UK & World News
Stephen Sutton Vigil As Donations Top £4m
The appeal by teenage cancer fund-raiser Stephen Sutton has passed £4m as thousands of people attend his two-day vigil.
The 19-year-old will never be forgotten because of the "incredible impact" he had on the lives of young people with cancer, said Teenage Cancer Trust - the charity he raised money for.
His vigil began at Lichfield Cathedral, Staffordshire, on Thursday evening, with friends and well-wishers forming long queues to pay their respects to the teenager whose courage facing terminal cancer inspired millions across the world.
His coffin was taken through the streets by horse-drawn hearse as hundreds lined the pavements.
The cathedral was so packed, dozens stood outside the doors, hoping to catch a glimpse of the service.
The Dean of Lichfield, the Very Reverend Adrian Dorber, told gathered mourners Stephen "in his all too brief life" had taught "how to make the unacceptable, beautiful".
"He chose to share his exuberance with us, not his pain," he added.
Stephen originally started the charity drive on his justgiving.com page†and hoped to raise £10,000,†but donations continue to pour in from people touched by his example.
He died on May 14 after succumbing to multiple tumours.
Among those paying tribute at the cathedral were Celia Houghton and her 14-year-old daughter Freya, who went to school with Stephen.
The teenager remembered a powerful speech the young man gave to the school's assembly a year ago, saying "he was one person who stood out".
"The one thing that spoke to me was when he said 'don't measure time by the clock, measure it by what you do'," added Freya. "When he died, people cried at school."
Teenage Cancer Trust's chief executive Siobhan Dunn said: "Stephen's an extraordinary young man who has had the most incredible impact on the lives of so many young people with cancer.

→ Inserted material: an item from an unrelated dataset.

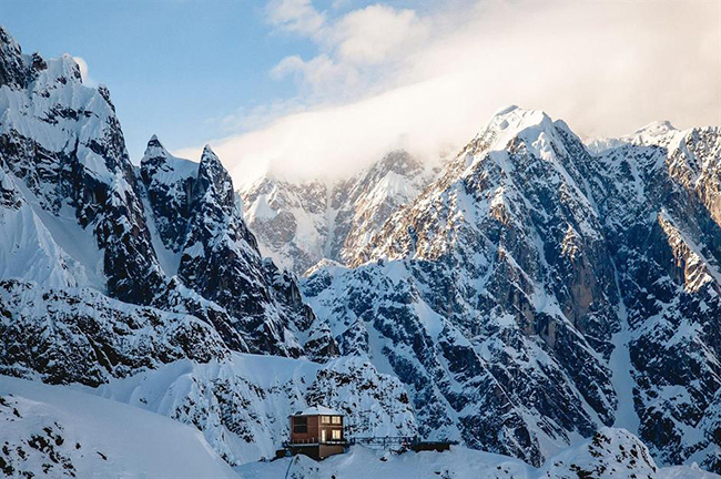 Sheldon Chalet - Alaska: Nhà gỗ Sheldon Chalet nằm khuất xa trong công viên quốc gia Denali của Alaska, ngôi nhà gỗ sang trọng trên núi này chỉ cách đỉnh Denali 16 km. Nằm ở độ cao 1.828m so với mực nước biển, ngôi nhà gỗ này thực sự là một trải nghiệm chỉ độc đáo dành cho các du khách.

"I think it's really important there's a public celebration of Stephen's life and I think that's exactly what he would have wanted."
Stephen's mother Jane Sutton called for people not to wear black to the vigil, but to "do something to make others happy".
Yellow ribbons have appeared around Stephen's home town of Burntwood and other towns in Staffordshire, because of its association with summer - Stephen's favourite season.
Before his death, he said: "I don't see the point in measuring life in terms of time anymore. I'd rather measure life in terms of making a difference."